Following months of debate, Antrim and Newtownabbey Borough Council agreed the plan and has now advertised for tenders from firms interested in designing, building, financing and operating the service.

The new £6m crematorium is planned for land opposite the theatre and leisure centre on the Doagh Road, under a Public-Private Partnership arrangement.

However, there have been some objections from residents living in the vicinity of the site, with people raising concerns about possible pollution, traffic disruption and the potential detrimental impact on local property prices.

Some have even opposed the proposal "on the grounds of Christian conviction".

One person emailed the council to say: "Cremation essentially is a pagan practice used primarily in eastern nations which have no knowledge of the Christian gospel. Despite the political correctness of 2015 we need a return to our roots. In Genesis chapter 15 we have direct reference to burial. God makes a promise to Abraham: 'Thou shalt go to thy fathers in peace, and thou shalt be buried in a good old age.' Burial clearly was practised throughout holy scripture and there are many examples."

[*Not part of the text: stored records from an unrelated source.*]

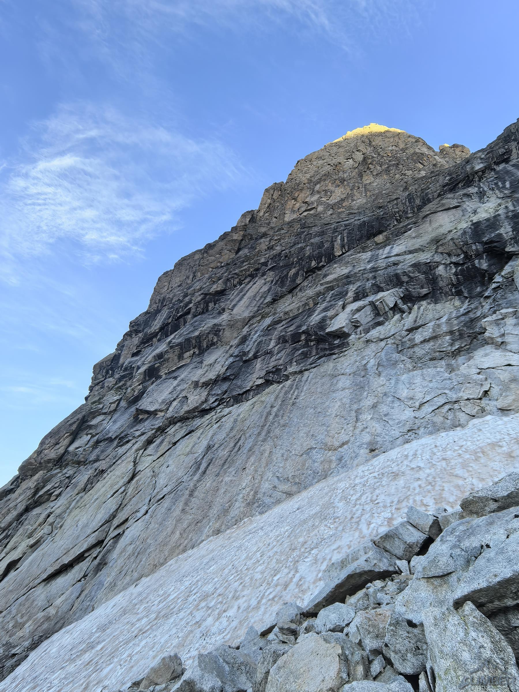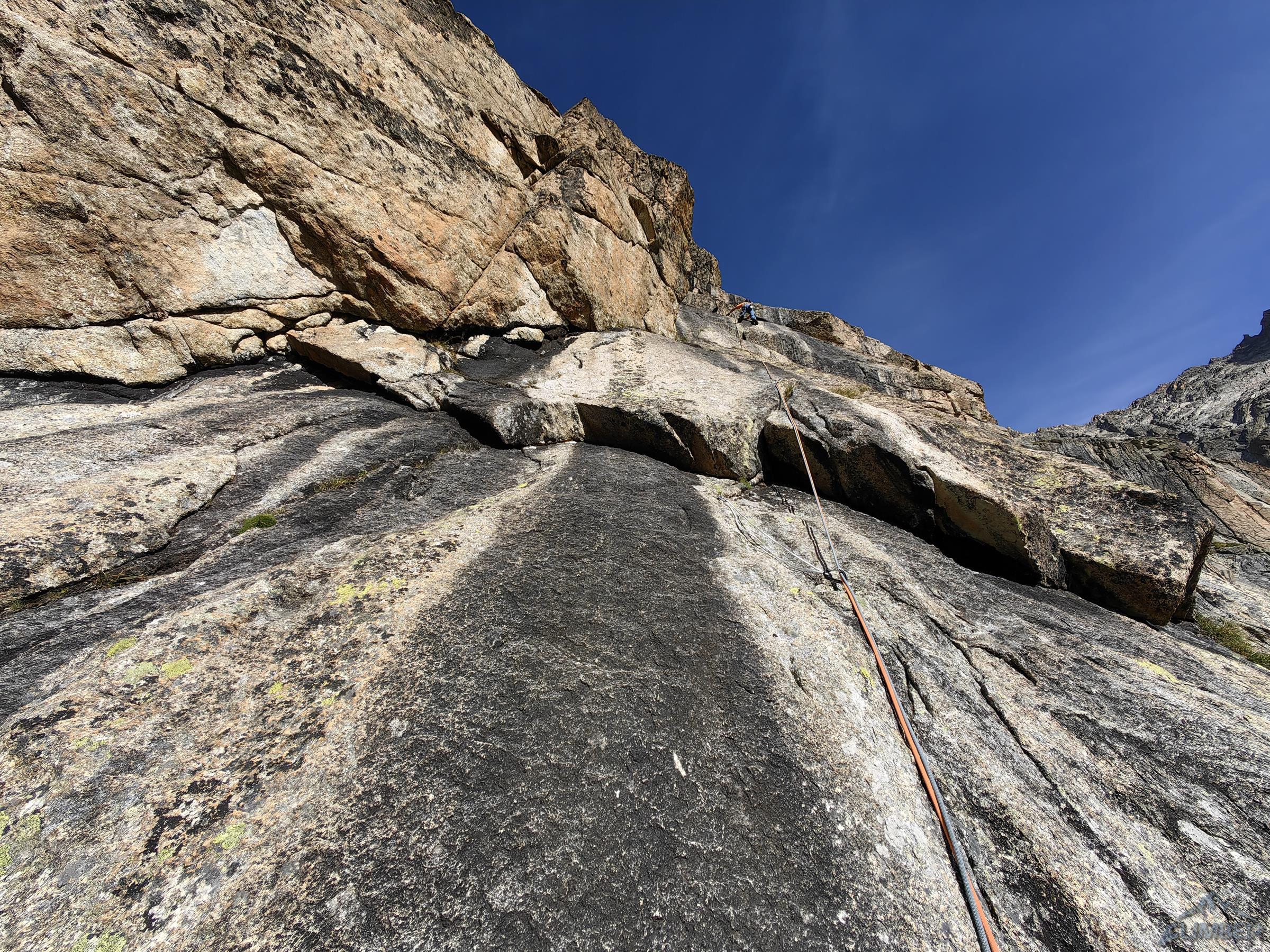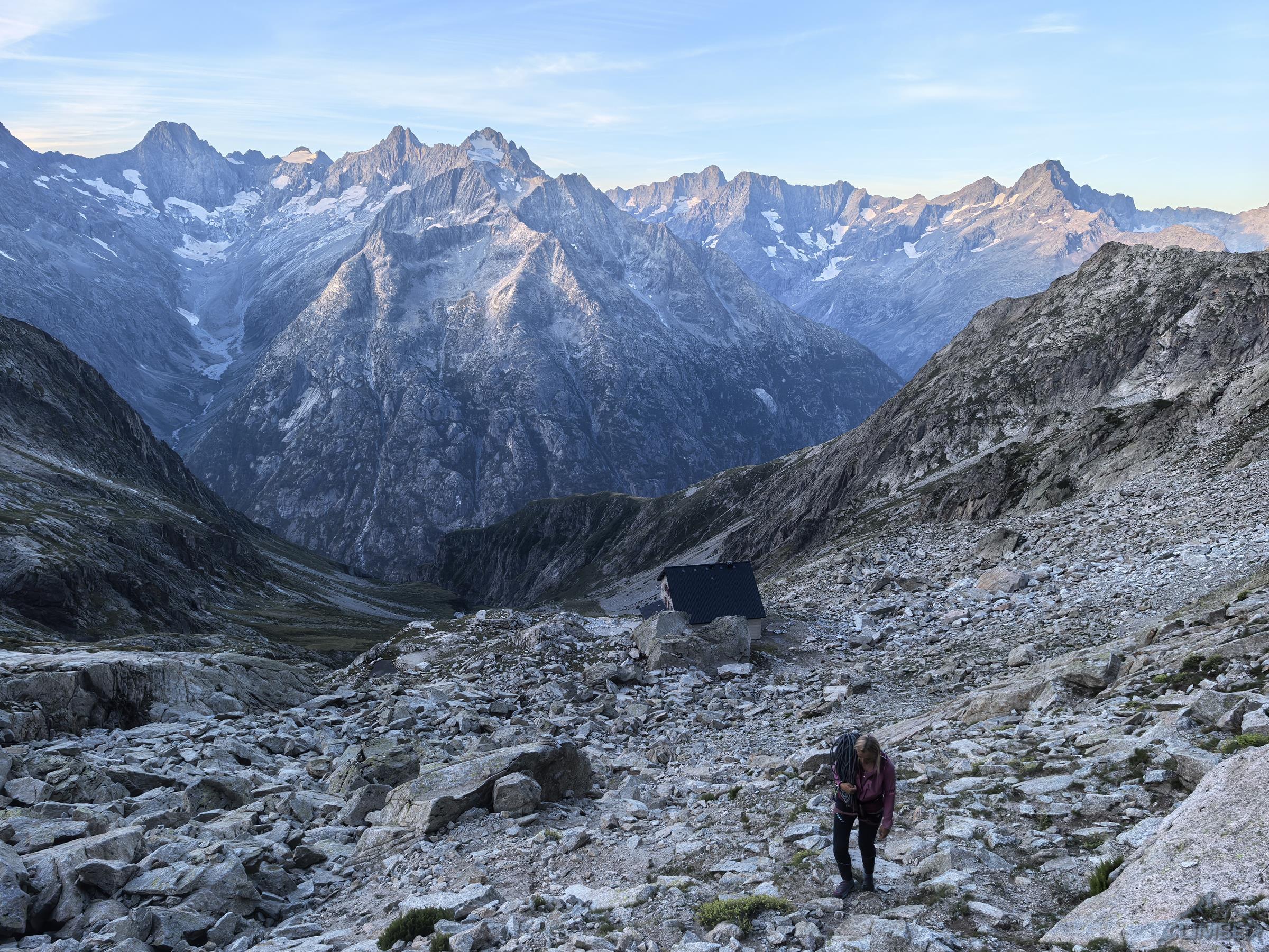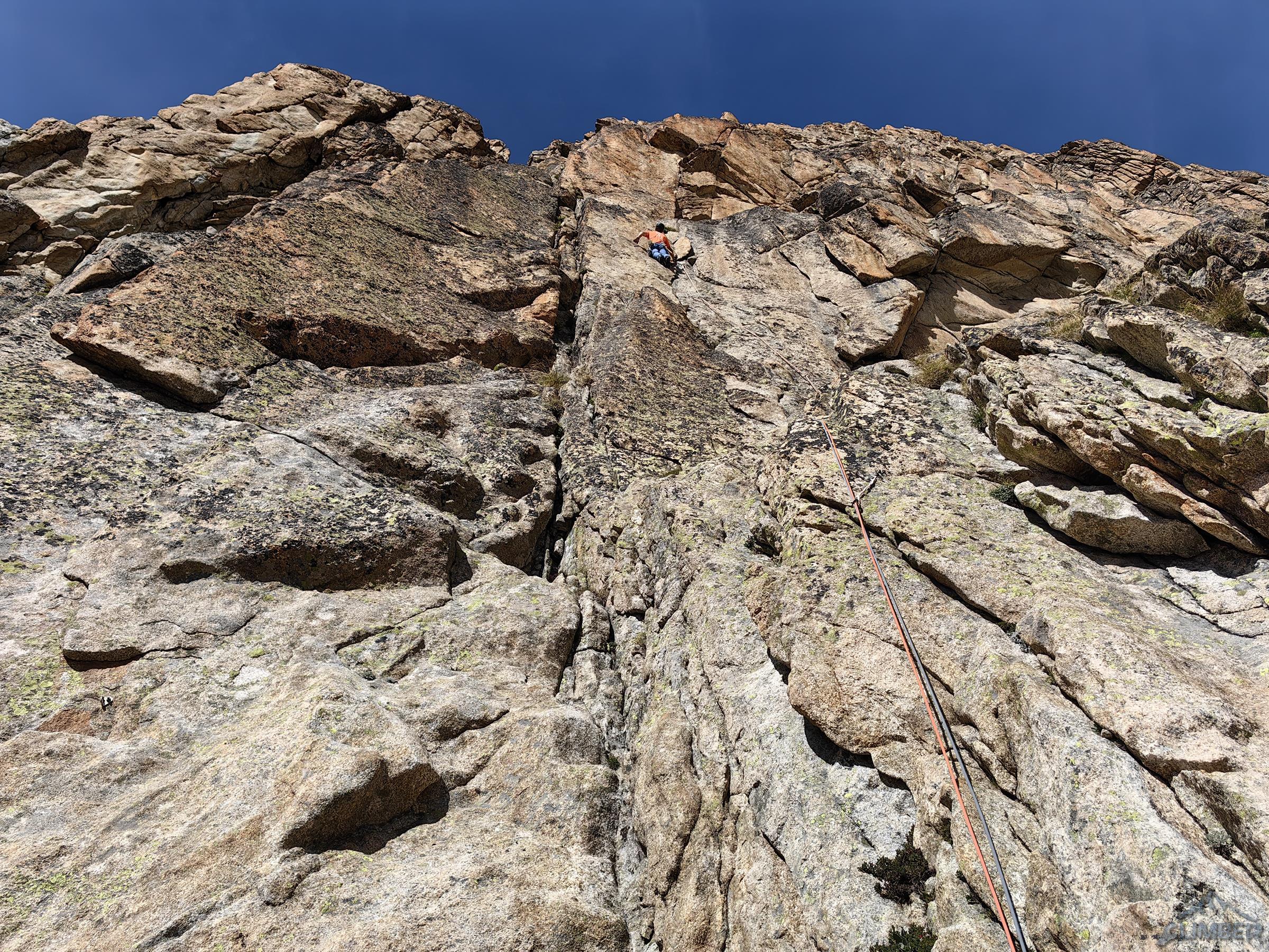 Po przejściu Physique (relacja TUTAJ) będącej jednym z głównych celów w sezonie, drugiego dnia można by odpocząć przed długim powrotem do kraju, ale mając tuż przy schronisku jedną z najlepszych turni w Alpach nie wchodzi to w grę 😊. Z powodu zmęczenia i przeziębienia Ani odpuszczamy przepiękną Lady Bonę (7a 450m, trzeba będzie wrócić!) i idziemy na łatwiejszego klasyka na ścianie wschodniej - Éthique de la Joie (6a+ 420m). Obiecuję, że będzie szybko, łatwo i przyjemnie ale tak nie jest – prowadzę wszystkie wyciągi i prawie każdy kolejny mimo niskiej wyceny daje lekki wycisk. Droga jest bardzo ładna ale i fizyczna, wymagająca świeżego ciała do dziesiątek dilferków i głowy do wychodzenia nad spity pomiędzy którymi często nic nie da się dołożyć.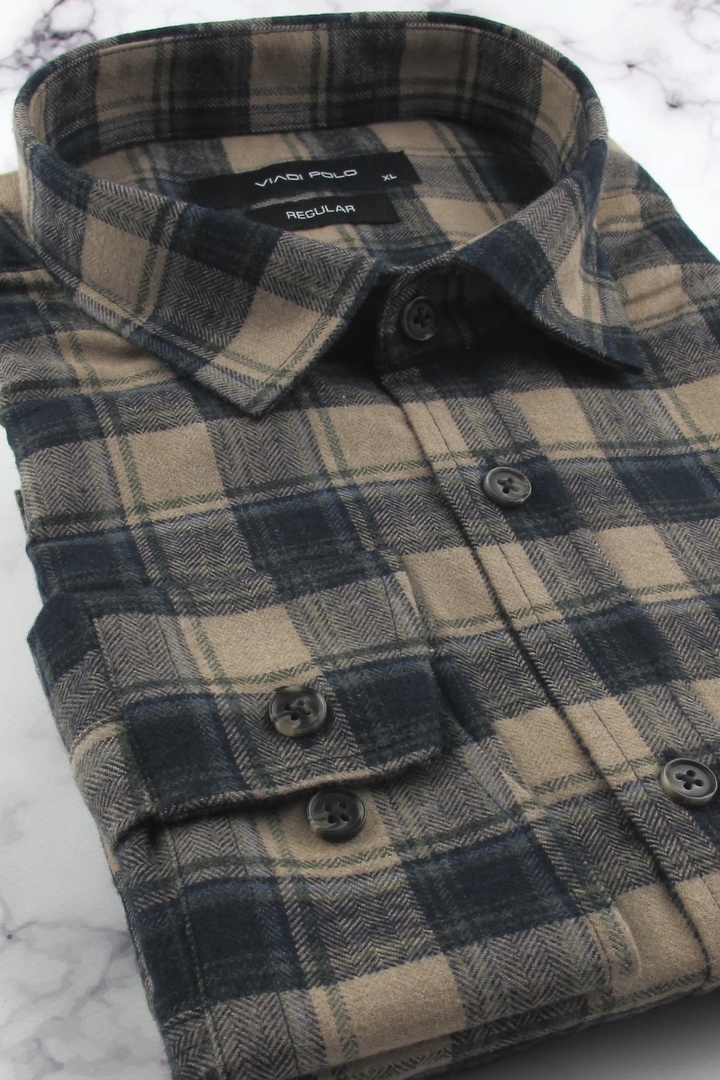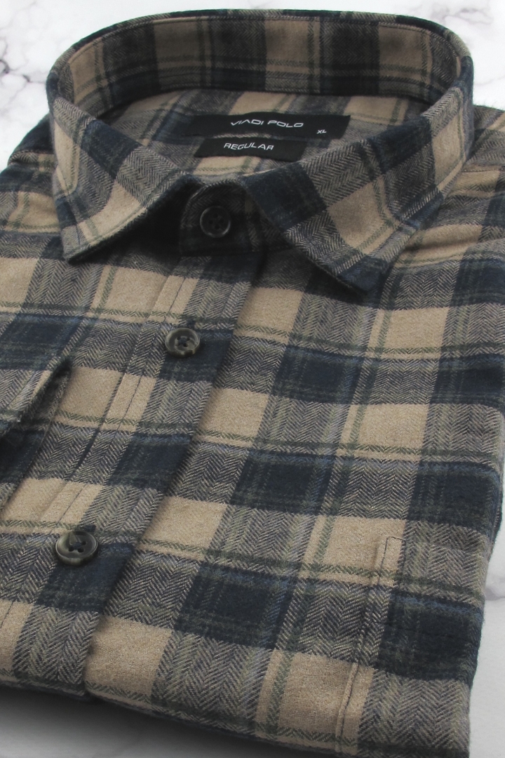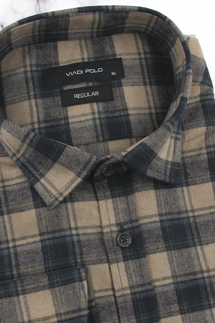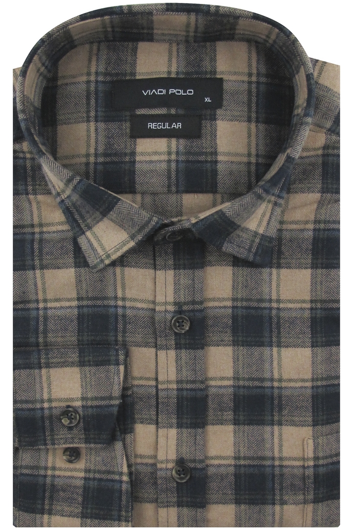 Flanelowa Koszula Męska Codzienna Casual beżowa w kratę z długim rękawem w kroju REGULAR Viadi Polo J631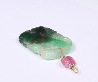 China, jadeite pendant with seed pearls and pink tourmaline bead,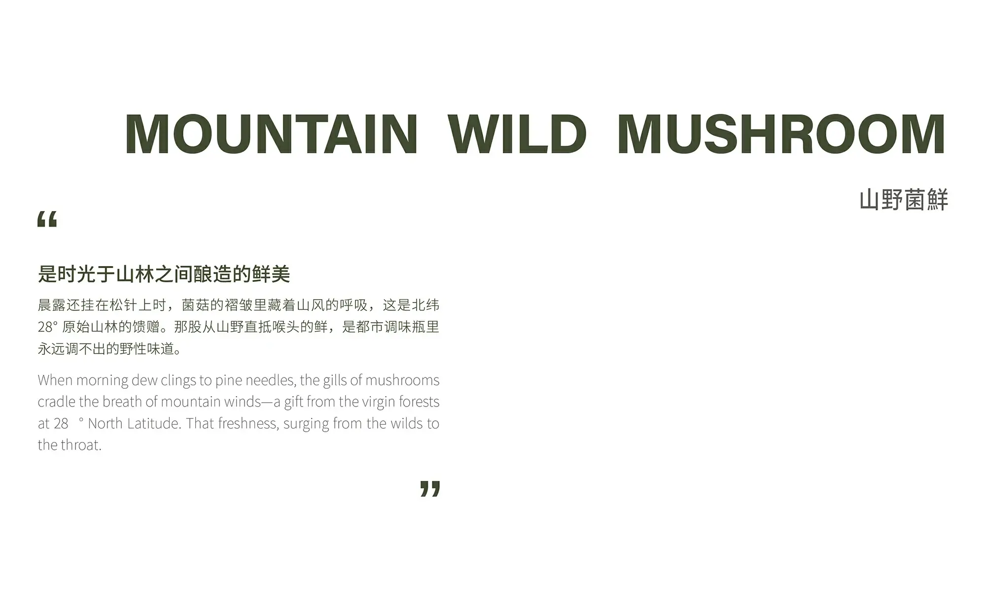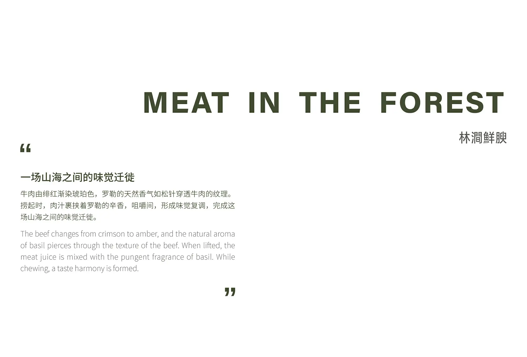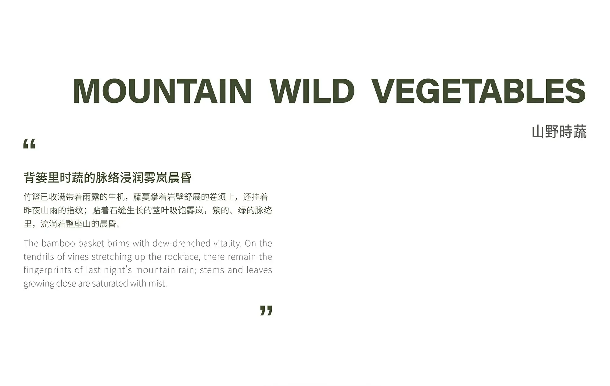 以 “山海共生” 为设计理念,将菜牌重构为一本《山海风物志》,以山野美学语言串联起食材本味与地域文化。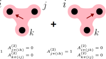 $${L}_{ij}^{(1)}={\delta }_{ij}\mathop{\sum }\limits_{k=1}^{N}{a}_{ik}^{(1)}-{a}_{ij}^{(1)},$$(41)$${L}_{ij}^{(2)}=-\mathop{\sum }\limits_{k=1}^{N}{a}_{ijk}^{(2)}\quad (i\,\ne\, j),\quad {L}_{ii}^{(2)}=-\mathop{\sum}\limits_{j\ne i}{L}_{ij}^{(2)},$$(42)to retain the zero row-sum property. It is consistent with that in30 for the second-order.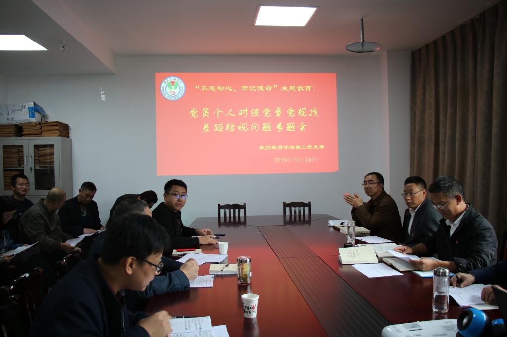 2019年10月24日下午,太阳成tyc7111cc教工党支部召开“不忘初心,牢记使命”主题教育:党员个人对照党章党规找差距检视问题专题会,全体党员教师参会,市委巡回指导第十五组何礼同志出席会议,公司教工支部书记许刚主持会议。

Most families in Northern Ireland still opt for burial for their loved ones, but cremation is growing in popularity.

Three years ago, the waiting time for cremation was up to five days, and in response Belfast City Council started to extend the crematorium's opening hours last year.

A spokeswoman for the council said the service was currently running with no hiccups.

"There is no delay in processing cremation requests," she added.

"Roselawn Crematorium offers 17 daily slots for cremation from Monday to Friday, and 13 slots for cremation on Saturdays.

"Slots are allocated on a first come, first served basis, and there are very few days when no slots are available."

Outside greater Belfast, a number of councils have considered opening crematoria.

Fermanagh and Omagh District Council are currently discussing plans for one in Omagh.

The issue was raised at a meeting of the council in September.

Prior to that, the council in 2012 received permission for a commercially managed crematorium, but this will run out shortly.

A newly opened crematorium in Co Cavan has raised doubts over whether the new proposal would be commercially viable.

The plans come after a proposal to build one in Londonderry was ruled out earlier this year.

A feasibility report for Derry City Council concluded that there was "no economic incentive for the council to develop a crematorium in the present time".